GIVEN RECORDS: Begin

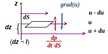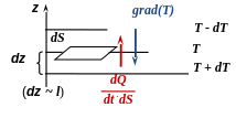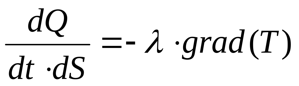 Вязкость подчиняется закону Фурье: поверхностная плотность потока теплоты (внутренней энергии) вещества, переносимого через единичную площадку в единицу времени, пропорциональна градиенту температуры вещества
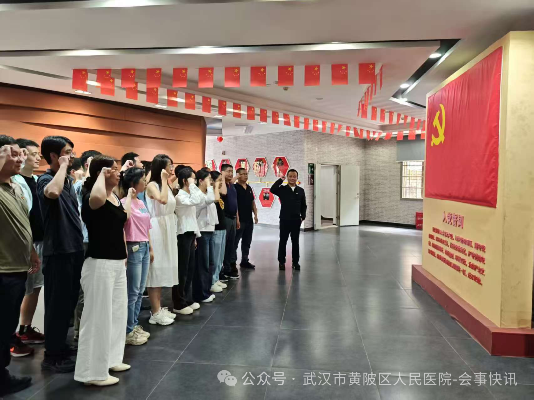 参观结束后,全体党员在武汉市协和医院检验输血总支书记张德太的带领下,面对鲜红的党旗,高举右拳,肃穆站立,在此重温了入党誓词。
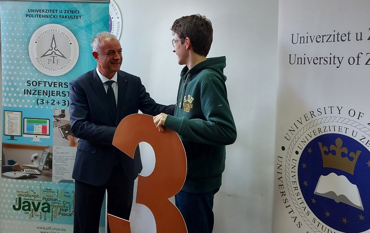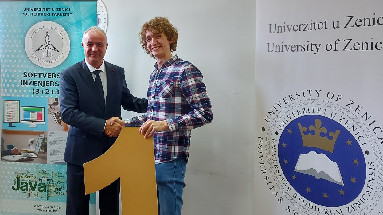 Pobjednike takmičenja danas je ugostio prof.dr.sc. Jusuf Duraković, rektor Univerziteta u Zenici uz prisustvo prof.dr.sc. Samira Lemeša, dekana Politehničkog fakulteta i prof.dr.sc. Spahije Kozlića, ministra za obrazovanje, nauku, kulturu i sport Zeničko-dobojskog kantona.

GIVEN RECORDS: End
GIVEN RECORDS: Begin

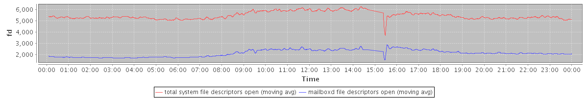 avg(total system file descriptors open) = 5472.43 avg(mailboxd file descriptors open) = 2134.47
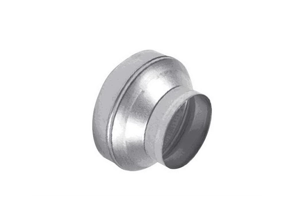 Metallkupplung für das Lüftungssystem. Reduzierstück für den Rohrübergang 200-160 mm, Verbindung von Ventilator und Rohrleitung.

GIVEN RECORDS: End
GIVEN RECORDS: Begin

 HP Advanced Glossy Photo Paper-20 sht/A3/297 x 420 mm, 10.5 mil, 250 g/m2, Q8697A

GIVEN RECORDS: End

### [WHAT YOU NEED TO DO]
Could you repeat, exactly, only the lines above starting at the one that has "Вязкость подчиняется закону" and stopping after the one that has "Pobjednike takmičenja danas", without the pictures?

### [REPLY TO THE EXERCISE]
 Вязкость подчиняется закону Фурье: поверхностная плотность потока теплоты (внутренней энергии) вещества, переносимого через единичную площадку в единицу времени, пропорциональна градиенту температуры вещества
 参观结束后,全体党员在武汉市协和医院检验输血总支书记张德太的带领下,面对鲜红的党旗,高举右拳,肃穆站立,在此重温了入党誓词。
 Pobjednike takmičenja danas je ugostio prof.dr.sc. Jusuf Duraković, rektor Univerziteta u Zenici uz prisustvo prof.dr.sc. Samira Lemeša, dekana Politehničkog fakulteta i prof.dr.sc. Spahije Kozlića, ministra za obrazovanje, nauku, kulturu i sport Zeničko-dobojskog kantona.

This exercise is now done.